Unnerved by his expression, I said, “You have it.”
“There is a cure.”
“A cure.” A lump formed in my throat. “For the plague.”
“My study of the cure is in its infancy, but yes, I believe it is genuine.” He appeared torn. “I can give what medicine I have on hand to Ghedi, but I must warn you that will put the rest of you at risk. If he is contagious, if Kaleb or Tau catch the plague from him, or if they pass it on to you, I will have no means of treating anyone else who becomes ill. You must decide, here and now, if treating Ghedi is your first priority.” As my lips formed a yes, he pressed his finger to them. “You must choose, not just between his life and yours, but his and the lives of all the others too. Consider all that’s at risk.”
“You have siblings. I know you understand. There is no choice. Ghedi is our brother. If you had asked any of us, our answers would be the same. Do it. Give him the cure.” When I realized what he had admitted, I grasped his arm and held him in place. “Wait. You said the rest of you are at risk. As in you aren’t? What about Braden and Asher? They both had prolonged contact with Ghedi as well.”

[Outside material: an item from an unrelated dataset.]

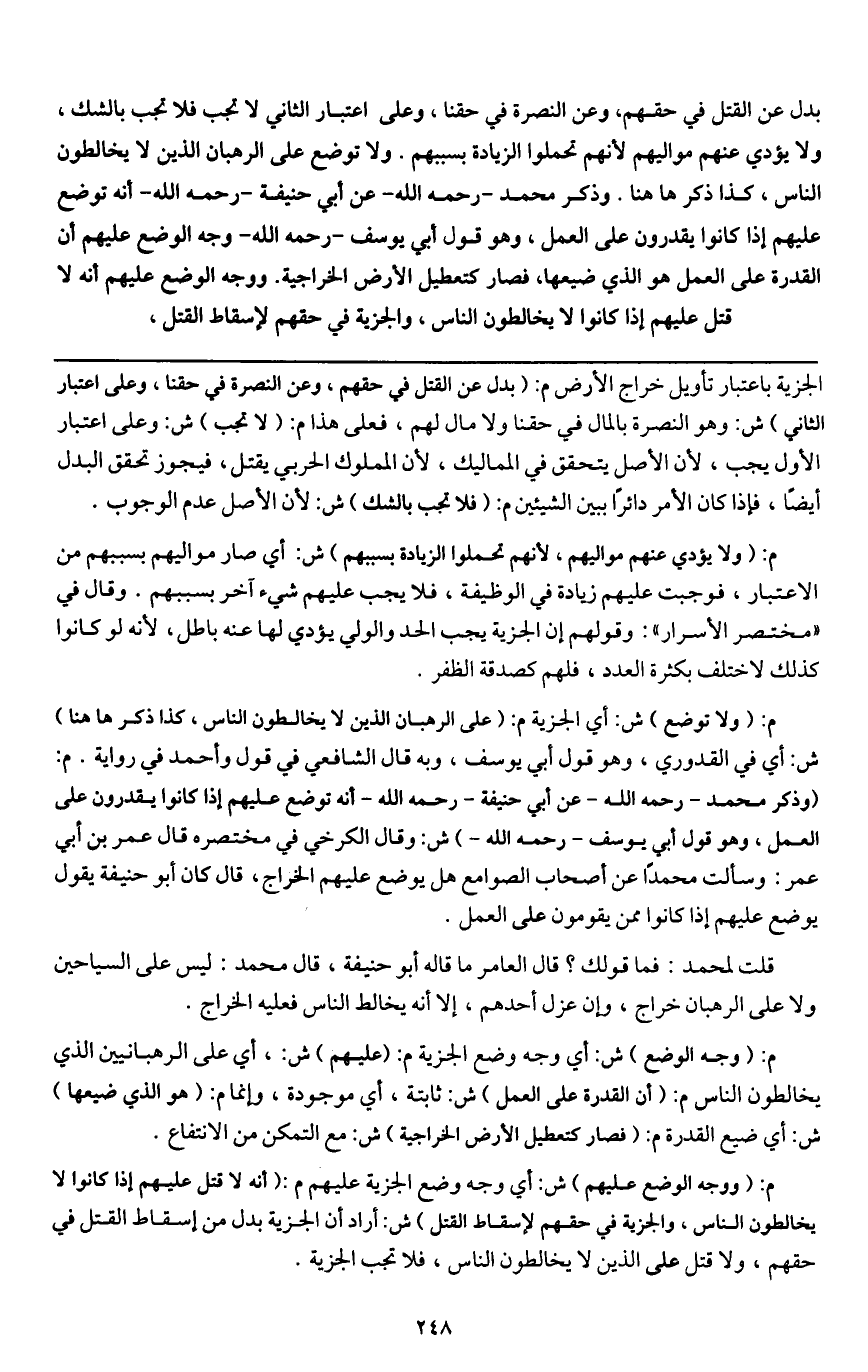 قلت لمحمد: فما قولك؟ قال: العامر ما قاله أبو حنيفة، قال محمد: ليس على السياحين ولا على الرهبان خراج، وإن عزل أحدهم، إلا أنه يخالط الناس فعليه الخراج.

Now that Henri mentioned it, I recalled how certain he was when we first arrived. How sure he had been that even with a live harbinger in the nest, his clansmen would be unaffected by the plague.

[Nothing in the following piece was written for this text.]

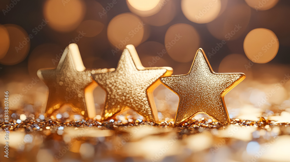 Wall mural three shiny gold stars are arranged on a gold background, creating a visually appealing and elegant  - Wall murals Wall mural three shiny gold stars are arranged on a gold background, creating a visually appealing and elegant - Wall murals

“My sister pledged the use of many resources for understanding and curing the plague.” His forehead creased. “Lourdes understood that quieting the rumbling from our southland allies required a gesture more personal than pledging gold. By taking in your ward, she exposed her clan and home to the same sickness, the same fear and risk her allies have lived with for the last several months.”